Supersymmetric Rotating Black Holes and Causality Violation

TL;DR

This paper analyzes the causal structure and wave scattering of supersymmetric rotating black holes in five dimensions, revealing geodesic completeness, naked closed timelike curves, and properties of wave absorption.

Contribution

It provides the first detailed analysis of the causal structure and wave scattering properties of supersymmetric rotating black holes in five dimensions, including their maximal extension and geodesic behavior.

Findings

Spacetime is geodesically complete and free of singularities despite naked closed timelike curves.

Absorption cross-section at low frequencies equals the black hole area.
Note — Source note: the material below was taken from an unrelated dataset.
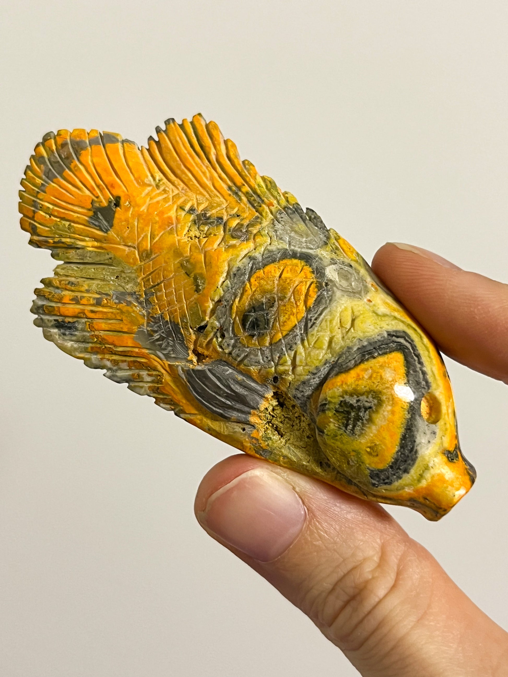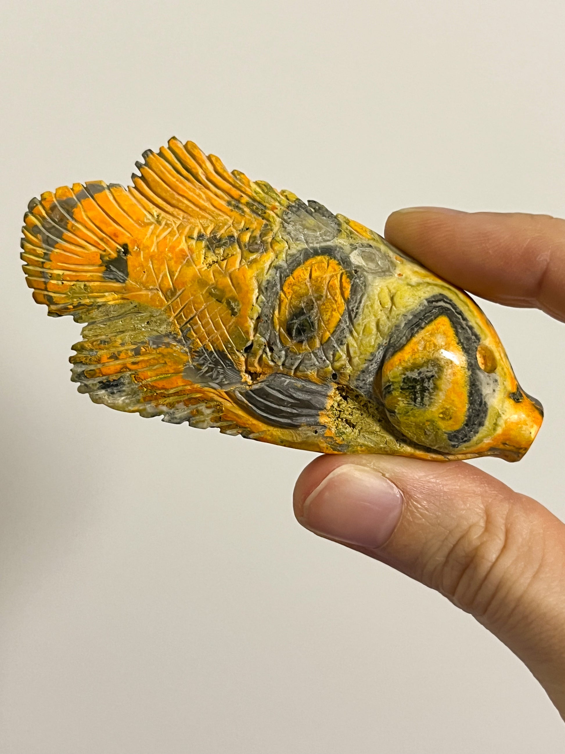 ‘Bee-trice’ Old Stock Orbicular Bumblebee Jasper Fish Carving (Self-standing)

High-frequency wave dependence on angular quantum numbers.

Abstract

The geodesics of the rotating extreme black hole in five spacetime dimensions found by Breckenridge, Myers, Peet and Vafa are Liouville integrable and may be integrated by additively separating the Hamilton-Jacobi equation. This allows us to obtain the St\"ackel-Killing tensor. We use these facts to give the maximal analytic extension of the spacetime and discuss some aspects of its causal structure. In particular, we exhibit a `repulson'-like behaviour occuring when there are naked closed timelike curves. In this case we find that the spacetime is geodesically complete (with respect to causal geodesics) and free of singularities. When a partial Cauchy surface exists, we show, by solving the Klein-Gordon equation, that the absorption cross-section for massless waves at small frequencies is given by the area of the hole. At high frequencies a dependence on the angular quantum numbers of the wave develops. We comment on some aspects of `inertial time travel' and argue that such time machines cannot be constructed by spinning up a black hole with no naked closed timelike curves.